Content from Installation and Setup


Last updated on 2025-05-23 | Edit this page

This episode can be a standalone tutorial for those who want a quick introduction to NGIAB. This tutorial follows the case study from our CloudInfra repository. Users who wish to learn more about NGIAB can explore our other episodes in this module.

Overview

Questions

  • How do I install and set up NGIAB?
  • What are the prerequisites for running NGIAB?
  • How do I verify my installation?

Objectives

  • Install and verify Docker
  • Set up NGIAB project directories
  • Run a sample NGIAB run

Introduction


This lesson guides you through installing and setting up NGIAB, a containerized solution designed to simplify running the NextGen modeling framework locally. NGIAB leverages Docker containers to ensure consistent and reproducible runs.

Are you using an HPC?

Instead of following these instructions, follow the guidance in the HPC sections in Advanced Topics.

System Requirements


Before installing NGIAB, ensure you have:

  • Operating System: Windows (with WSL), macOS, or Linux
  • Software: Docker, Git
  • Recommended Minimum RAM: 8 GB

Connecting to a remote machine through SSH?

To use the Data Visualizer through an Secure Shell (SSH) connection, you will have to set up port forwarding when connecting to the remote machine. Port forwarding will allow you to access a remotely hosted browser session on your local machine. See the instructions under “Using NGIAB through an SSH connection” in the Advanced Topics episode in this training module.

Docker Installation


Note: Users who already have Docker installed will still need to install a separate WSL distro and set it as their default, if they have not already.

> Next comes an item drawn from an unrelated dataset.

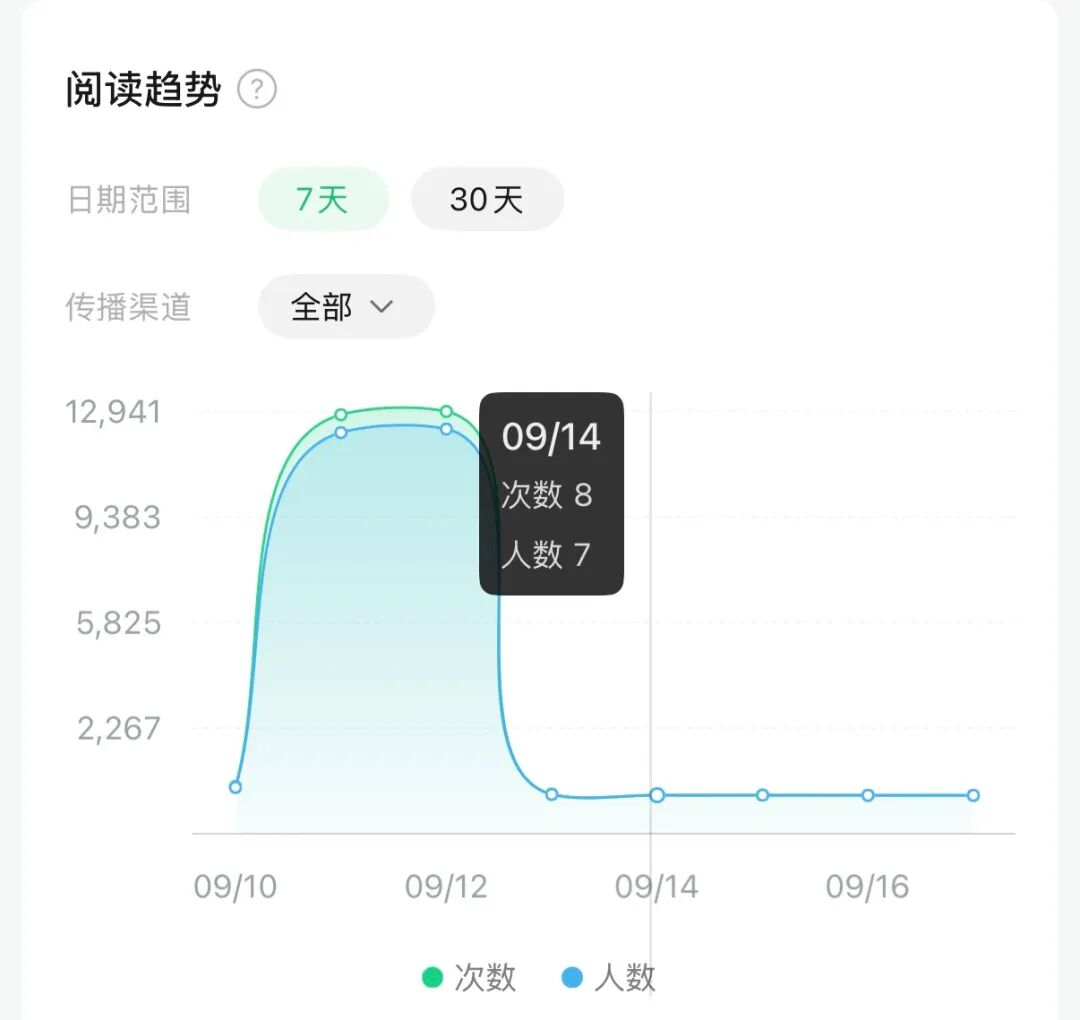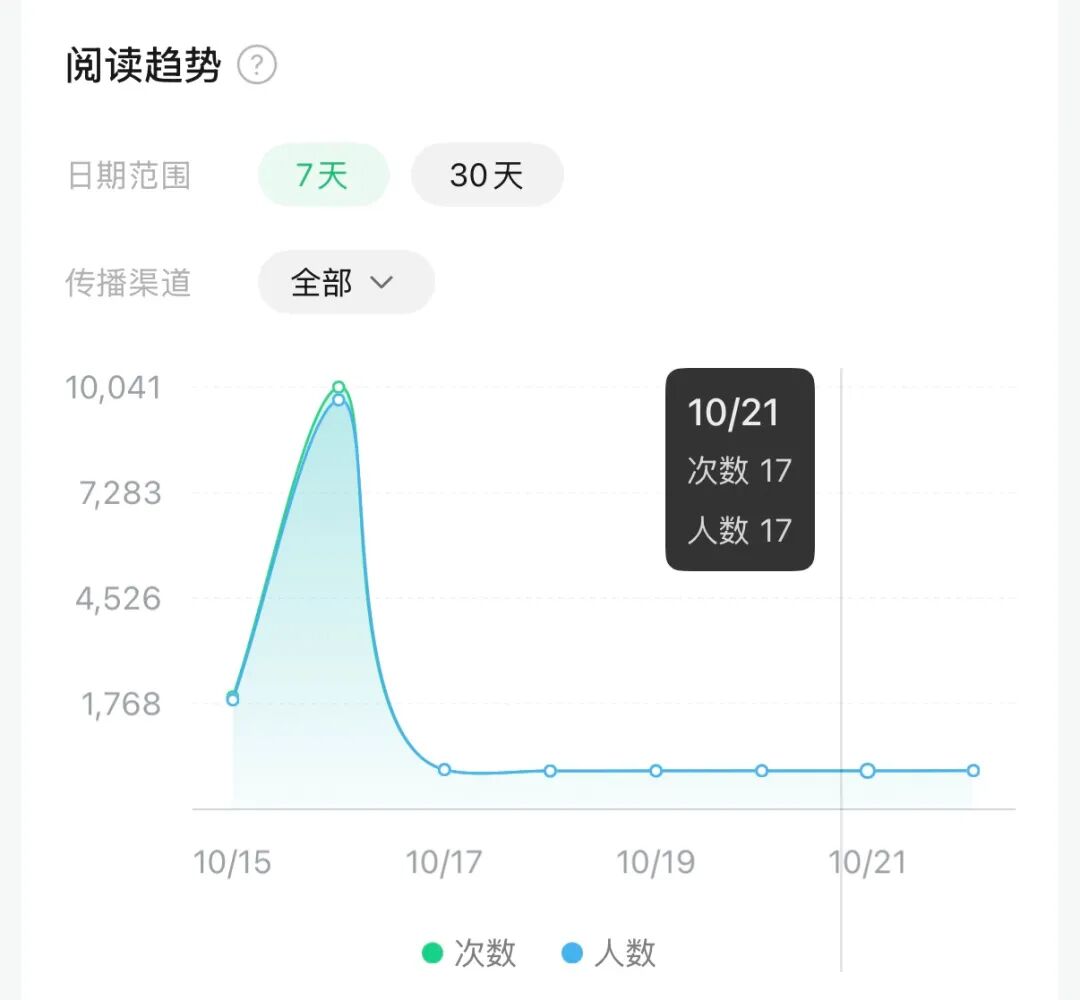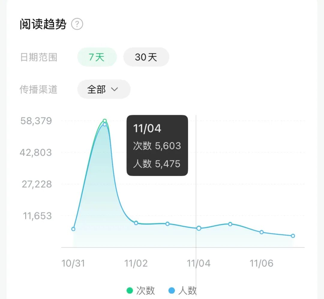 过段时间后,我去后台看数据就特别明显,这篇文章的数据是直接“断崖”。

  1. Install Windows Subsystem for Linux (WSL):

    POWERSHELL

    wsl --install
  2. Install Docker Desktop from Docker’s official website.

  3. Launch Docker Desktop and open WSL terminal as administrator.

  4. Verify Docker installation:

    BASH

    docker run hello-world

    This should generate a message that shows that your installation is working.

  5. Install Astral UV:

    BASH

    # Install UV
    curl -LsSf https://astral.sh/uv/install.sh | sh
    # Alternatively, install via pip if the above fails
    pip install uv

CAUTION: WSL distributions

NGIAB commands cannot be run through the docker-desktop distribution. If you installed Docker before WSL, you will likely need to install a new WSL distribution and set it as your default.

For example, Ubuntu can be installed and set as the default distribution with the following commands:

BASH

wsl --install -d Ubuntu
wsl --setdefault Ubuntu
  1. Install Docker Desktop from Docker’s official Mac installer.

  2. Launch Docker Desktop.

  3. Verify Docker installation:

    BASH

    docker run hello-world

    This should generate a message that shows that your installation is working.

  4. Install Astral UV.

    BASH

    # Install UV
    curl -LsSf https://astral.sh/uv/install.sh | sh
    # It can be installed via pip if that fails
    # pip install uv
  1. Install Docker by following the official Docker guide.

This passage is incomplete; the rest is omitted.